Page 18 of Shadows of Winter

Mesmerized by the battle, by him, Kaylina almost missed movement to her left. Someone darted across the cobblestone street between the jail and the canal. Another shadowy figure. No, two of them. They carried small boxes instead of knives. The archer who’d been helping the rangers had disappeared. Or had he been killed?

One of the men stopped under the window of a cell near hers, placing a box against the wall. No, those weren’t boxes. They were kegs.

He ran to her cell and left another box. With the help of his allies, four more kegs were placed.

The screech of the yekizar rang out as it reached Vlerion. He dodged lightning-fast swipes from forelimbs ending in claws like daggers, then angled in from the side to slash his sword toward the beast.

Though Kaylina wanted to see the rest of his battle, the flame of a match flared, a man lighting a fuse on one of the kegs. He moved quickly to the others, including the one placed beneath her window.

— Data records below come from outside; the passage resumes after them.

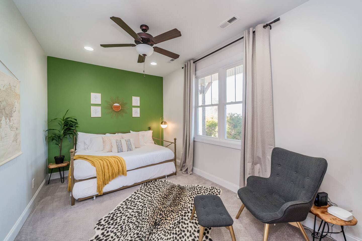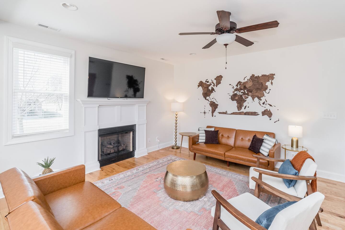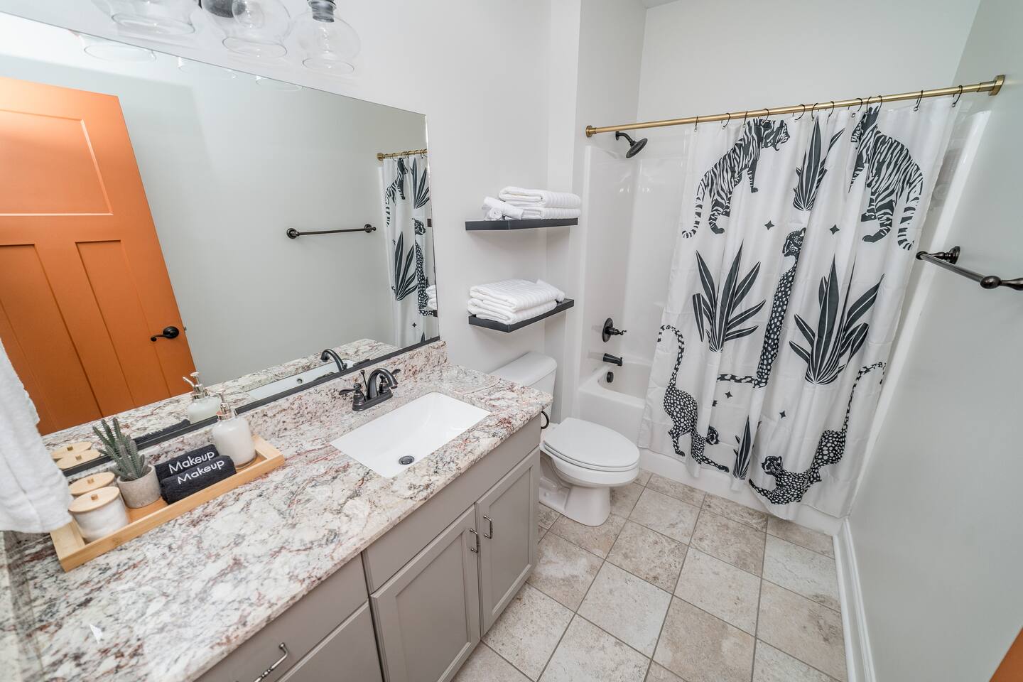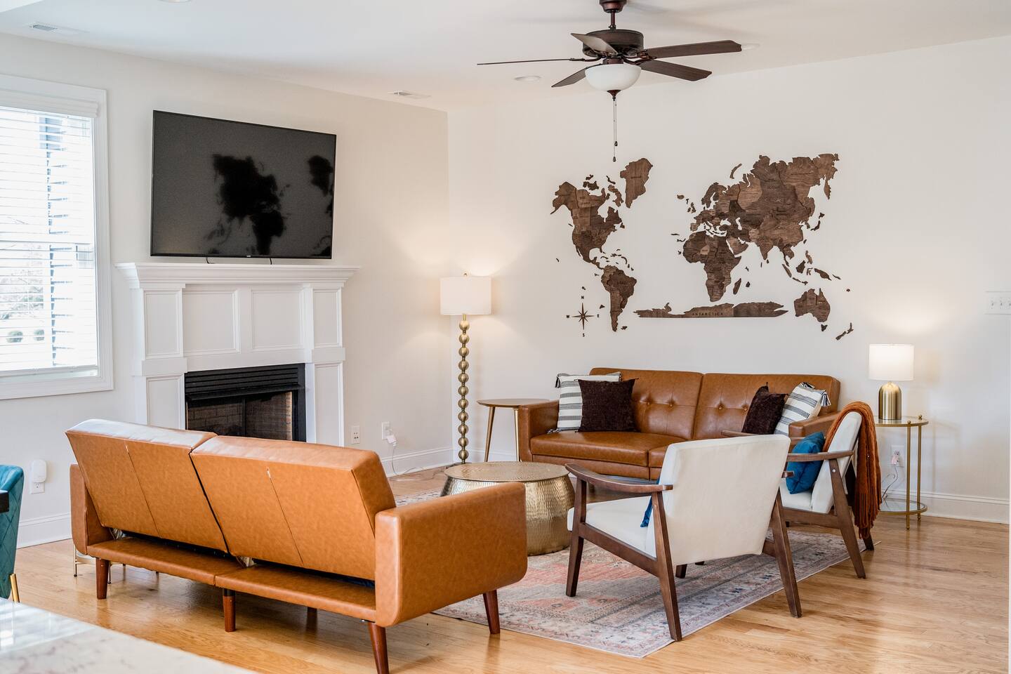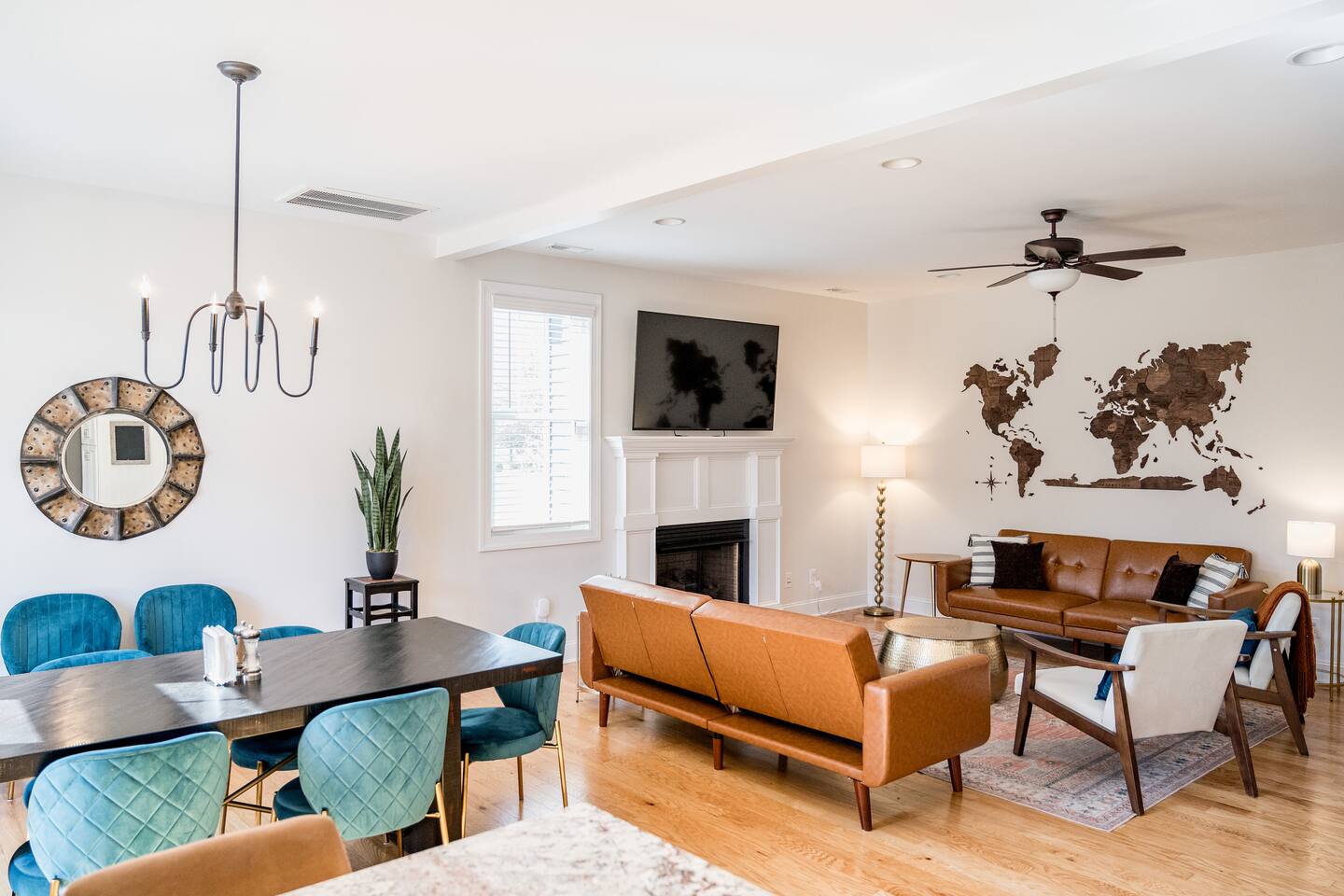 Sometimes it's hard to scroll through hundreds of listings and know which one will give you a clean and welcoming place with everything you need. Let's give you a rundown of what you can expect at the Traveler. (Fun fact: each bedroom is named after a country where the owner of the home has traveled!) **DOWNSTAIRS** KITCHEN -fridge, oven/range, microwave, dishwasher -Keurig + regular coffee pot & tea kettle -pots/pans, dishware, glasses, & everything you need to make meals! DINING ROOM -table for 8 -2 barstools LIVING ROOM -2 couches -2 accent chairs -Smart TV w/ Netflix and other streaming apps (sorry, no use of fireplace) FULL BATH -toilet -shower/tub combo -sink w/ large vanity & storage closet -towels & washcloths -shampoo, conditioner, body wash LAUNDRY ROOM -washer/dryer -iron + ironing board PRIMARY BEDROOM (Rwanda) -king bed -dresser -walk-in closet -oversized chair -large primary bathroom -access to back deck PRIMARY BATHROOM -sink & large vanity -linen closet -separate room for toilet & shower -towels & washcloths -shampoo, conditioner, body wash HONDURAS BEDROOM -trundle bed (full + twin) -hanging storage in closet & hangers **UPSTAIRS** SUDAN BEDROOM -king bed -closet & long ledge -desk & chair KENYA BEDROOM -queen bed -dresser & closet OPEN LANDING: -2 yoga mats -2 yoga blocks -window with mountain views MOVIE ROOM: -large sofa w/ recliner chairs -chalkboard wall -ps3 gaming console+ board games -trundle bed (twin + twin) -desk & chair HALLWAY FULL BATHROOM -shower/tub combo -sink, toilet, storage closet -towels & washcloths -shampoo, conditioner, body wash CLIMATE CONTROL: The house is heated and cooled by central heat and air. PARKING: There is off-street parking in the driveway for a maximum of 4-5 cars. (no street parking) OUTSIDE Back Deck: outdoor table and chairs for 8, large level yard, gas grill, fire pit + Adirondack chairs (we'll provide the pit and you bring the rest!) CHECK IN: Guests check in at their own convenience between 4pm - 10pm with a personalized code. WHAT'S NEARBY: Groceries: 7 min (Kroger) Restaurants: 7 min (steakhouse, fast food, mexican food, pizza, and more!) Liberty University: 13 min University of Lynchburg: 19 min Thomas Jefferson's Poplar Forest: 8 min Historic Downtown LYH: 21 min Shopping (Target, mall, etc.): 13 min Seaquest: 14 min Snowflex (year-round skiing and tubing): 11 min Appomattox Courthouse: 35 min Hiking at Sharp Top Mountain: 40 min Popular day trips include: hiking in the Blue Ridge Mountains, driving the scenic Blue Ridge Parkway, Natural Bridge, Virginia Safari Park, D-Day Memorial and Smith Mountain Lake. HOSTED BY: The Traveler is hosted by All Belong Co, a boutique hospitality team dedicated to providing 5 star stays. You'll be in the hands of Superhosts.
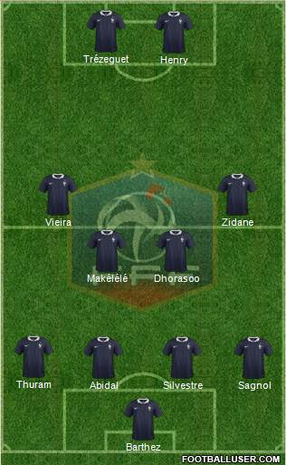 Barthez · Abidal · Silvestre · Sagnol · Thuram · Makélélé · Dhorasoo · Vieira · Zidane · Henry · Trézeguet
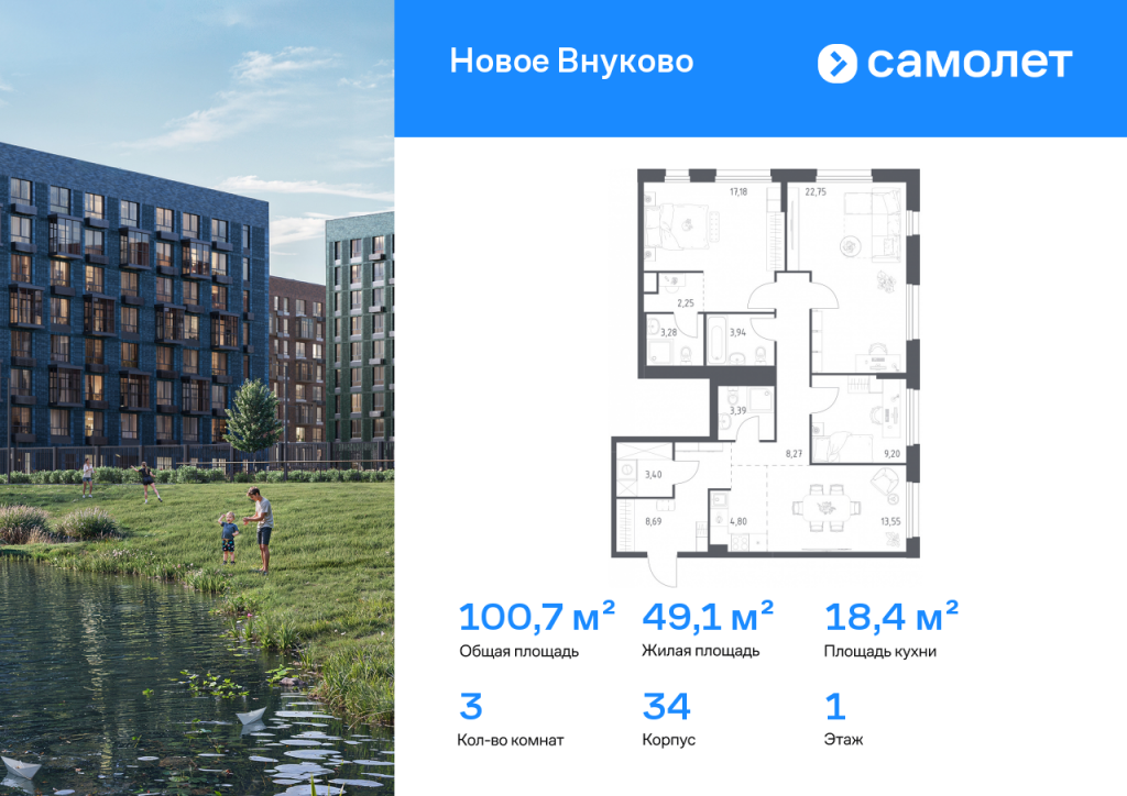 Строим кварталы для жизни с заботой о будущем. Предлагается 3-комнатная квартира комфорт-класса 100,7 кв.м в корпусе 34 на 1 этаже, в ЖК «Новое Внуково» Квартира с чистовой отделкой. Доступность дополнительных опций уточняйте у застройщика. Приобрести квартиру возможно по специальным акциям от застройщика, с текущими условиями акций можно ознакомиться в блоке «Акций». Цена динамическая и может отличаться, уточняйте актуальность у застройщика. «Новое Внуково» — это жилой комплекс в Новой Москве, у подножия берега реки Незнайка. Поблизости — живописные места для прогулок: народный парк «Ручеек», усадьба Старо-Никольское, Валуевский и Ульяновский лесопарки. Часть домов сдана и внутри района уже открыт детсад с бассейном, а в ближайшее время откроются еще 3 детсада, 2 школы и поликлиника. На территории проекта будет построен первый в России Центр Российской Федерации Баскетбола, где будут площадки с трибунами, тренажерный зал, кафе и конференц-зал. Дворы-парки закрыты от машин и посторонних. На территории — прогулочный маршрут вдоль реки Незнайка и набережная с шезлонгами и качелями для отдыха. Также здесь появится плейхаб «Незнайка на Луне», площадь для мероприятий с сухим фонтаном, летним кинотеатром и кафе. В жилом комплексе — монолитные дома высотой от 6 до 14 этажей. Фасады облицованы кирпичом природных оттенков.
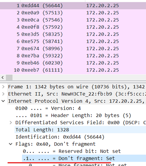 可以看下抓包文件中这个段确认是否分片,下图是不分片
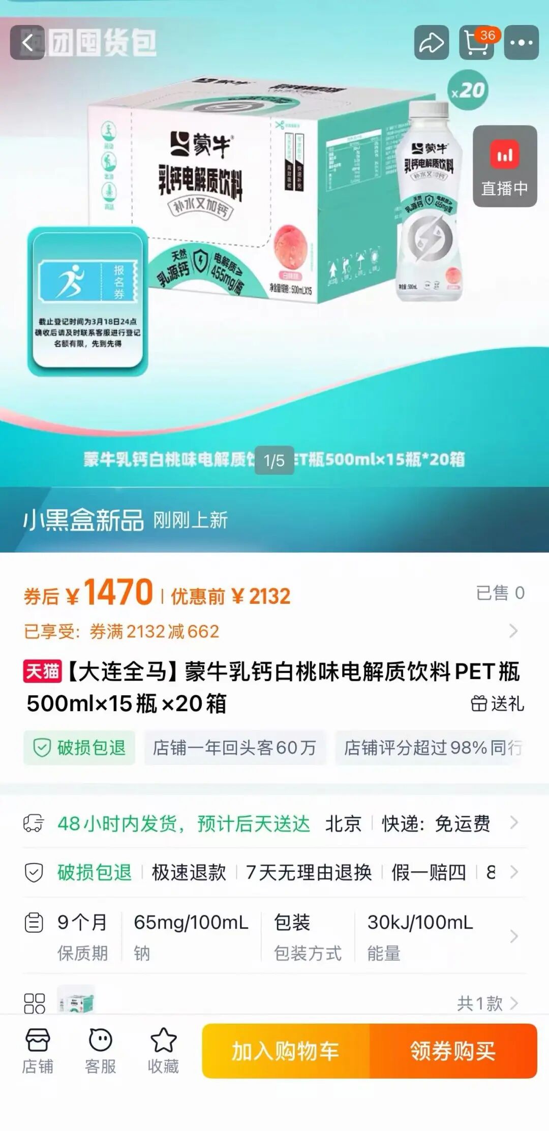 观察者网注意到,蒙牛天猫旗舰店中,这款“蒙牛乳钙白桃味电解质饮料PET瓶500mlX15瓶X20箱”的优惠前价格高达2132元,券后价格为1470元,合约4.9元/瓶。

“Back, back.” Kaylina jumped down and grabbed her brother, pulling him to his feet.

“What?”

With no time to explain, she yanked him to the far side of the cell. “Cover your head.”

A great explosion almost drowned out her last word.

Even closer than the thunderous boom that had started everything, it not only made the floor quake, but the cell wall blew inward. Stones tumbled from the ceiling and Kaylina cursed her decision to leave home as she wrapped her arms protectively over her head and knelt against the bench, wishing there were cover in the empty cell.

More explosions followed the first. Those guys were blowing open every cell in the jail. As more stone tumbled down, the entire ceiling threatening to cave in, Kaylina worried she and Frayvar would be buried.

She glanced toward the exterior wall, wondering if they could get out that way now, but thick smoke hid everything.

More clangs, another roar from the beast, and the firing of a blunderbuss promised the battle hadn’t ended, but she couldn’t see it. A shadow stirred in the smoke, and a cloaked woman peered into their cell.

“Hurry, hurry,” she whispered. “Everyone out.”

Frayvar looked at her and didn’t budge. “We’re not with you, thanks.”

Someone else appeared beside the woman, a man with blood dripping from his fingers, bruises mottling his face, and an arm gripped to his ribs. Those wounds hadn’t come from a sword fight—and the bruises were at least a day old. He had to be the prisoner who’d been tortured. Evdar Wedgewick.

“We saved you,” he rasped. “You owe us.”

The woman waved the words away. “You don’t owe us, but we’ll accept fresh blood for the cause if you’re game. Don’t stay and let the rangers round you up.”

A pained screech, the sound of a dying animal, filled the night. Had Vlerion gotten the best of the yekizar?

“You can come with us,” the woman added in a whisper. “We’ll hide you!”

She waved again before she and the man ran to the next cell.

The rubble stopped falling from the ceiling. Great cracks ran along it, and the night sky was visible through holes, but it hadn’t fallen completely. Not yet, anyway. Kaylina pushed herself to her feet, gripping Frayvar to help him up.

“Maybe we should go with them,” she whispered, not daring to speak loudly since the battle was dying down. Their opportunity to escape would be brief. But should they use it? A hint of a plan formed in her mind. “We could find out where their bases are and…”

And what? Report back to the rangers? Become spies for them? She didn’t even like them. But… if she and Frayvar helped the rangers, that could clear them of all suspicion of being tied in with the murder. Had her babbling under the root’s influence done that? She didn’t know. Mostly, she remembered ranting about her family life.

Frayvar grabbed her arm, making her realize she’d taken two steps toward the hole in the wall.

“They were about to let us go,” he said. “We don’t need to run. We absolutely do not need to join a rebellion or whatever is going on up here. We don’t know anything about it. And do you want that big brute chasing after us for real?”

He flung a finger toward the bridge, and she had no doubt which brute he meant. Frayvar might not have seen the battle, but he’d been flattened by Vlerion. He understood the ranger’s capabilities perfectly well.

“No.” Kaylina couldn’t see Vlerion and Targon, but the smoke was thinning, the sounds of chaos lessening. Nearby, snorts, chuffs, and whuffs meant the taybarri, and however many rangers were riding them, had arrived. “But if we have the opportunity to leave and don’t take it, we might regret it later.”

She glanced toward the door—the locked door.

“You gave them our names and the name of the eating house, Kay. If we disappear, the rangers could have the Kingdom Guard sent to Grandma and Grandpa’s door to question them.”